To compensate for your trouble, Direct2Drive is throwing in 4 other indie games (Defense Grid: The Awakening, Democracy 2, Zeno Clash and Cogs). They call this the Best of Indie Bundle and charge 17.75 US Dollars for it. But you can buy The Path for 7.76 Dollars less right here!

Steam is doing a similar -if not even more spectacular- stunt by offering a choice of two bundles, each including The Path, and one more expensive than the other! At Steam you can pay up to 29.99 Euros for The Path (or US Dollars if you are so unfortunate as to live in the Home of the Brave). You do have to accept the 9 other indie games they add to the bundle (Audiosurf, Everyday Shooter, Blueberry Garden, Braid, Crayon Physics Deluxe, Gish, Mr. Robot, Darwinia and World of Goo). If you’re worried whether your hard disk can take all that, you could settle for the 19.99 version of The Path (and only get Everyday Shooter, Blueberry Garden, Braid and World of Goo extra). Steam considers these to be Top Indie Games but remember that The Path is much cheaper here. Only 9.99 weak American Dollars!

So grab your chance to pay more for The Path now! It’s a limited time offer!

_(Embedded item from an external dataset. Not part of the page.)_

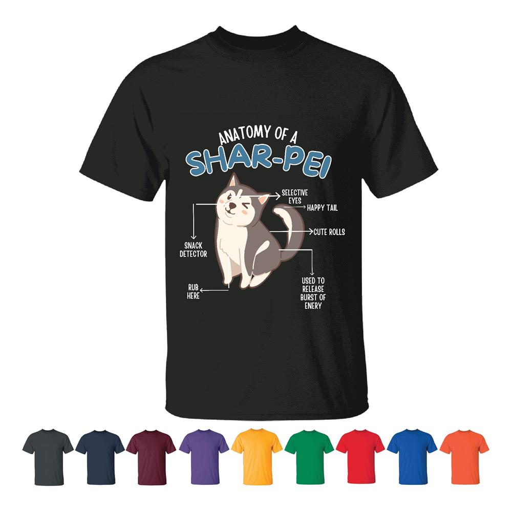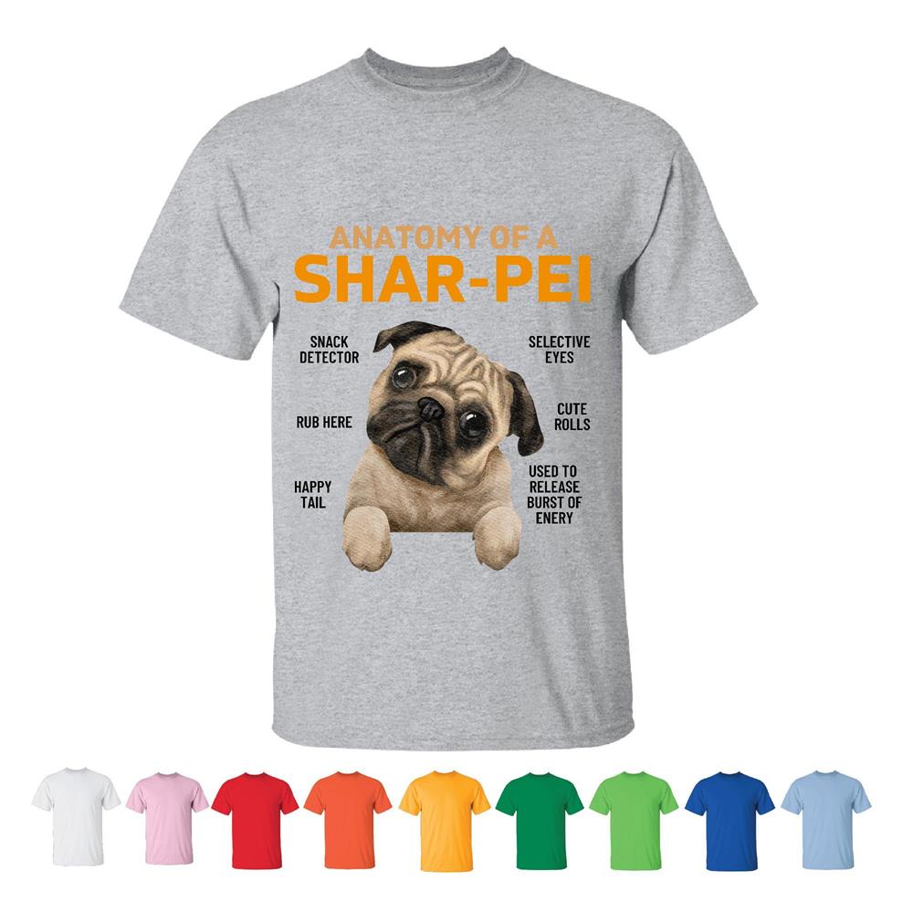 Sharpei Dog Funny Body Parts Analysis Pet Care Men Women White Gray T shirt

Seriously, for those who worry about our well being, we totally approve of these discounts. We only get a fraction of the share that we usually get per sold copy. But the theory is that you sell so many more copies that you end up making more money than if you were selling at the normal price. And so far, this does indeed seem to be the case. I guess this means that there’s a lot of cheapskate gamers. But on the other hand, our work gets exposed to a lot of people who had never considered purchasing it. And perhaps they end up appreciating it anyway. So, its a good thing!